Measurement as currency represents a fundamental shift. Strengthening measurement and attribution drives 86% of priority rankings, demonstrating networks' recognition that proving business impact determines their competitive positioning.

The research indicates every vertical faces the same maturity mandate: integrate, automate, and ensure accountability. Despite different starting points, all networks must unify data, automate execution, and prove impact through closed-loop measurement to advance.

Timeline

Summary

Who: Koddi commissioned Forrester Consulting to evaluate commerce media maturity across industries. The study surveyed 788 senior decision-makers from organizations with annual revenues ranging from $500 million to more than $5 billion, representing retail, financial services, travel and hospitality, transportation and logistics, real estate and home services, quick service restaurants, and automotive sectors.

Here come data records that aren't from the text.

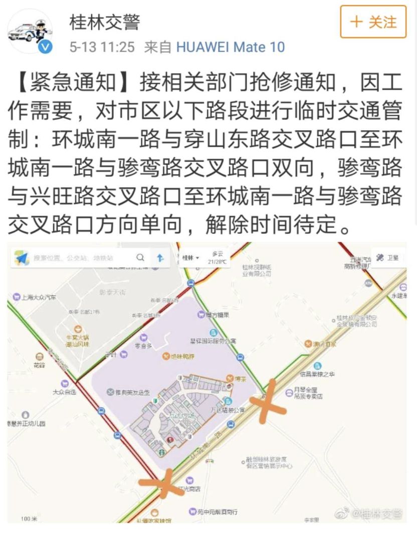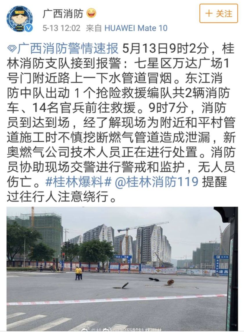 中午12時,@廣西消防官微發布了一警情速報:5月13日9時2分,桂林消防支隊接到報警:七星區萬達廣場1號門附近路上一下水管道冒煙。9時7分,消防員到達到場,經了解現場為附近和平村管道施工時不慎挖斷燃氣管道造成泄漏,新奧燃氣公司技術人員正在進行處置。消防員協助現場交警進行警戒和監護,無人員傷亡。
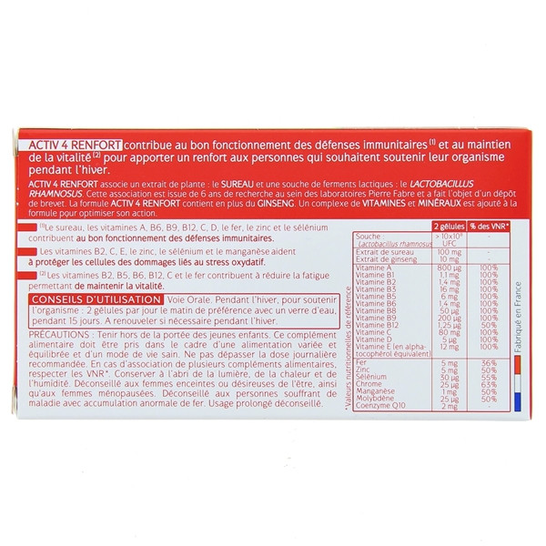 Activ 4 Renfort de Naturactive contient des extraits de plantes (Sureau et Ginseng), une souche de ferments lactiques (Lactobacillus), des minéraux et des vitamines nécessaires pour booster l'énergie et renforcer les défenses immunitaires pendant l'hiver.
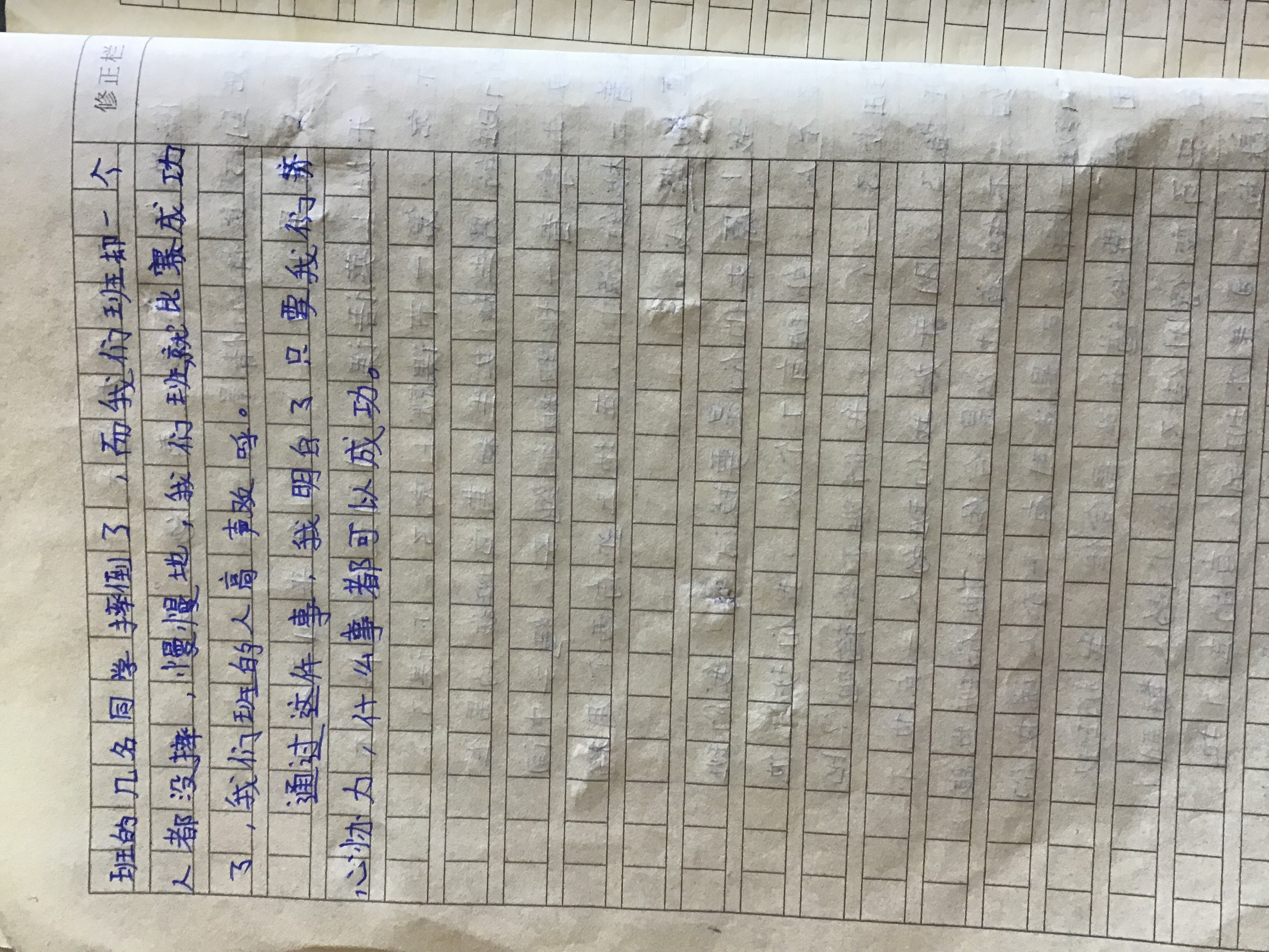 (4) 通过这件事,始我明白了只要我们齐心协力,什么事情都可以成功,合作的力量真大啊! 眉批:开头不能押题写,内容跑偏了。
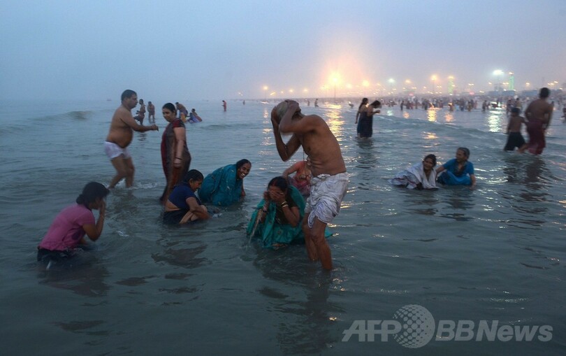 ヒンズー教の「ガンガサガールメーラ」、巡礼者40万人が沐浴
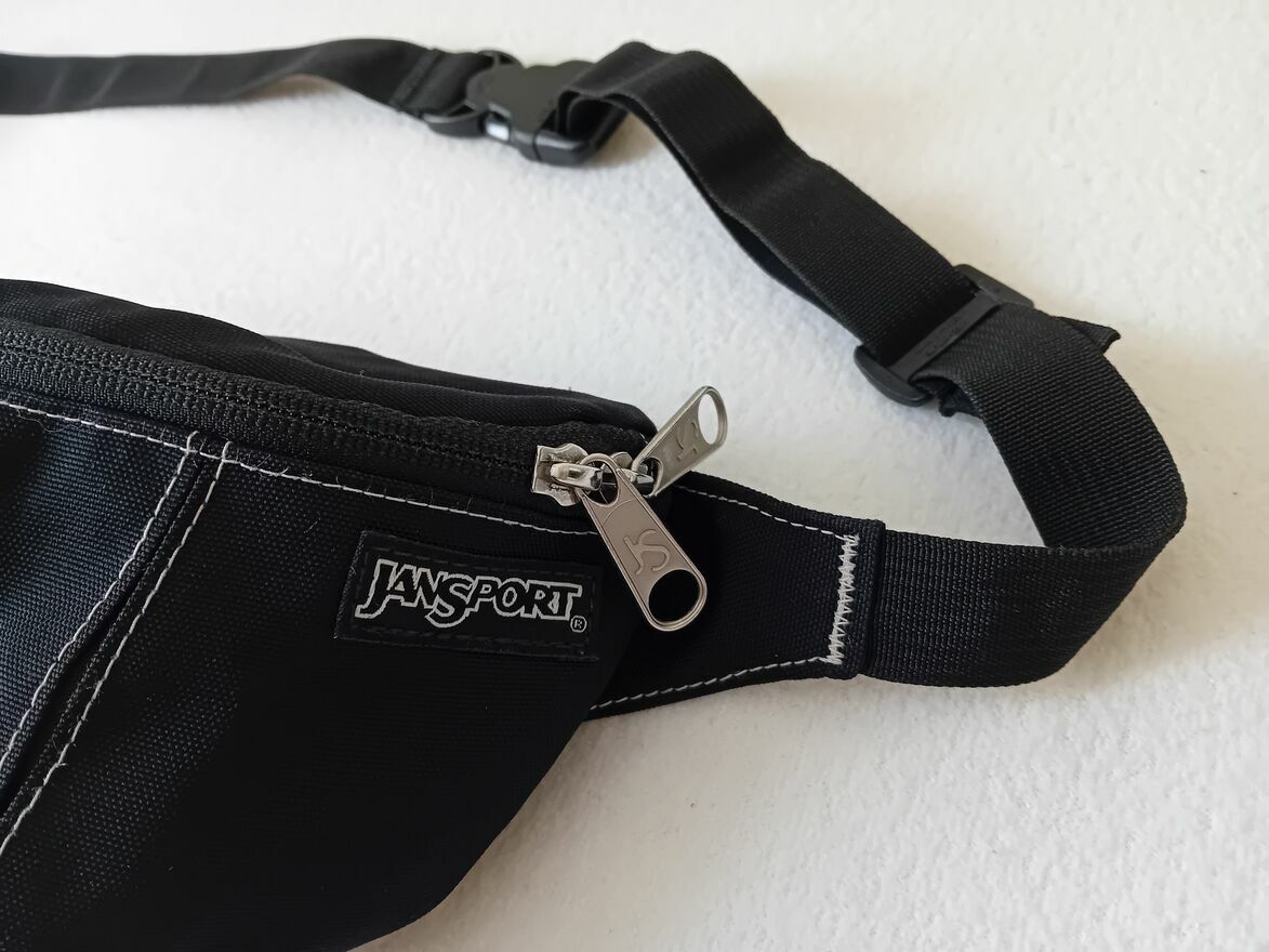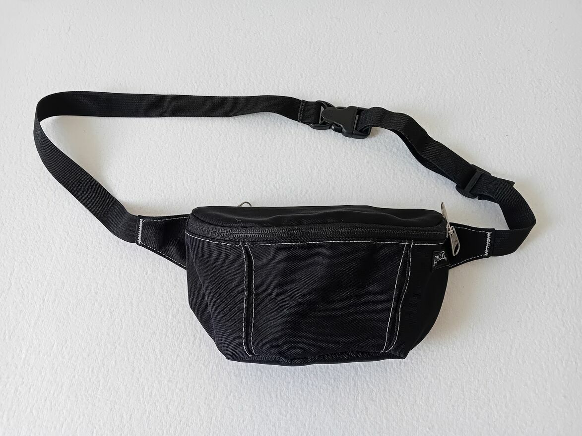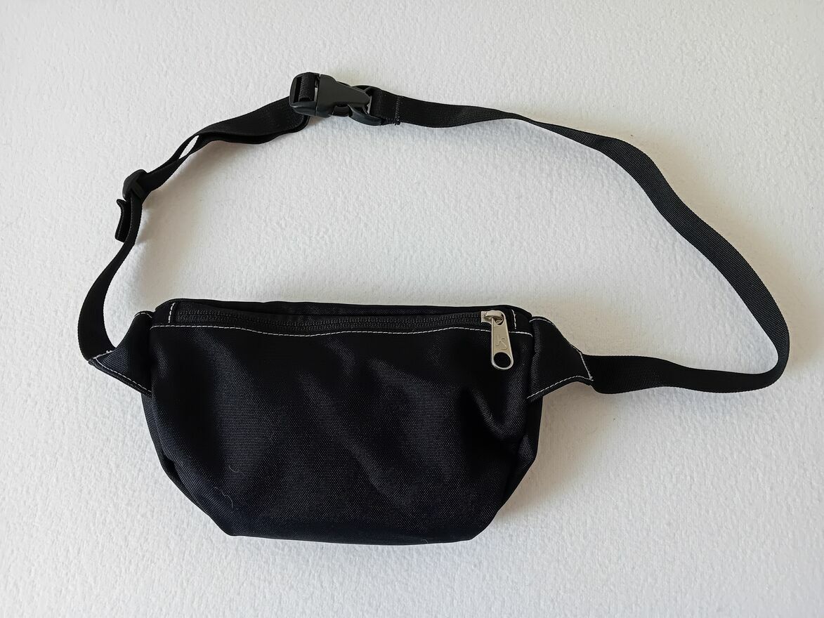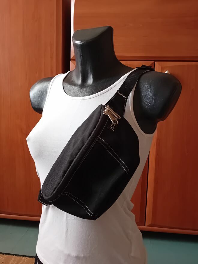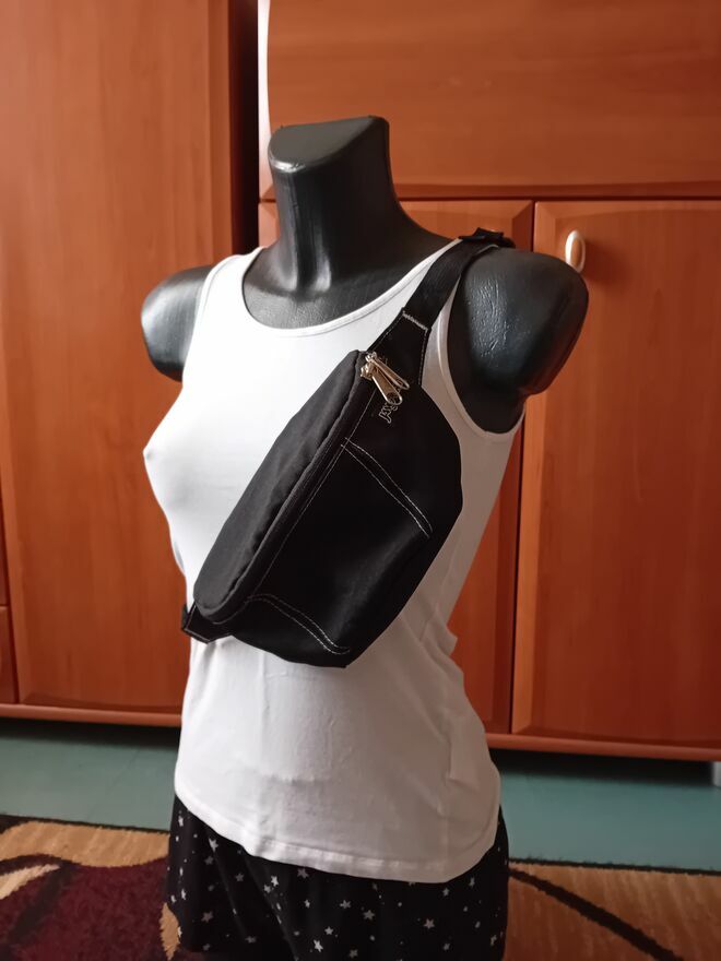 Czarna saszetka nerka. Można nosić na ukos przez ramię, lub na pasie.

What: A commerce media benchmark study revealing that only 13% of networks meet trailblazer criteria across strategy, technology, measurement and operations, despite 42% describing their operations as operationalized or advanced. The research identifies three maturity segments: nascent (49%), emerging (38%), and trailblazers (13%).

When: Forrester conducted the online survey in July 2025, with Koddi releasing the findings on November 19, 2025. The study examines commerce media's current state as the market approaches projected $1.3 trillion value by 2030.

Where: The research spans North America (United States and Canada) and Europe (United Kingdom, France, and Germany), examining commerce media maturity across seven major industry verticals with varying levels of operational sophistication and market readiness.

Why: The benchmark matters because commerce media networks sit at different points on their paths to scale, ranging from early pilots to enterprise-grade programs. The study provides a playbook helping each industry apply best practices, identify gaps to maturity and accelerate toward scalable commerce media networks. The findings reveal that most organizations recognize commerce media's potential to link ad spend directly to measurable outcomes, but few have built the infrastructure, automation, and measurement disciplines required to scale effectively.